Literature suggests that in chronic diseases such as diabetes, 90% of the care is self-management¹. Improvements in self-management can potentially lead to better outcomes, increased satisfaction, and reduction in costs^2,3. Research on patient education has recognized that it is ultimately the patients who make decisions, take actions, and face consequences⁴. As such patient information needs tend to be driven by and specific to their own disease contexts. Thus, the information that facilitates self-management should be patient and disease stage-specific, in addition to being understandable and actionable.

While there are a large number of educational articles designed for patients, clinical records contain the most detailed description of a patient’s condition and the most specific and current treatment plan for the patient. When educational information is provided based on the patient’s problems and instructions at a particular point of time, they become more relevant and can enable actions. For instance, detailed instructions on foot care could be handed out along with a referral to a podiatrist.

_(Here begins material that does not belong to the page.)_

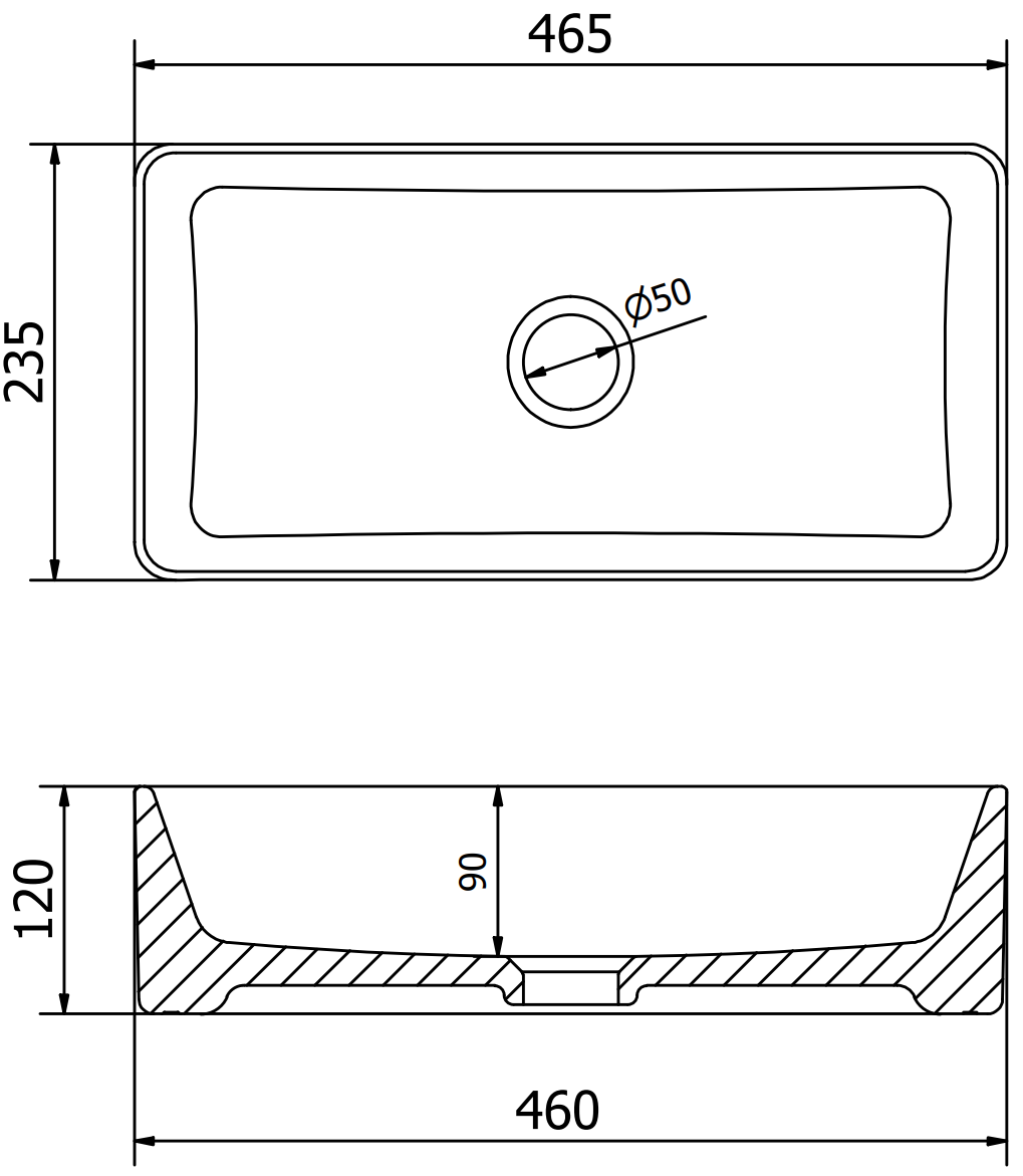 Mexen Nadia umyvadlo na desku 46 x 23 cm, bílá/černý okraj - 21614607

With the large number of health texts currently available online, it would be useful to categorize education material by topic, so that an appropriate text could be chosen for a patient with a particular disease at a particular stage and/or with particular complications. However, human indexing of content by topic is costly and labor-intensive. For example MEDLINE⁵, a large collection of bibliographic records of articles in the biomedical domain, includes about 18 million references which have been manually indexed. The costs for indexing amount to several million dollars per year and the MEDLINE database continues to grow at a fast rate, with the increasing availability of documents in electronic form⁶. In contrast, most patient education material is not rigorously indexed. As such, automated methods to detect topics in texts are necessary.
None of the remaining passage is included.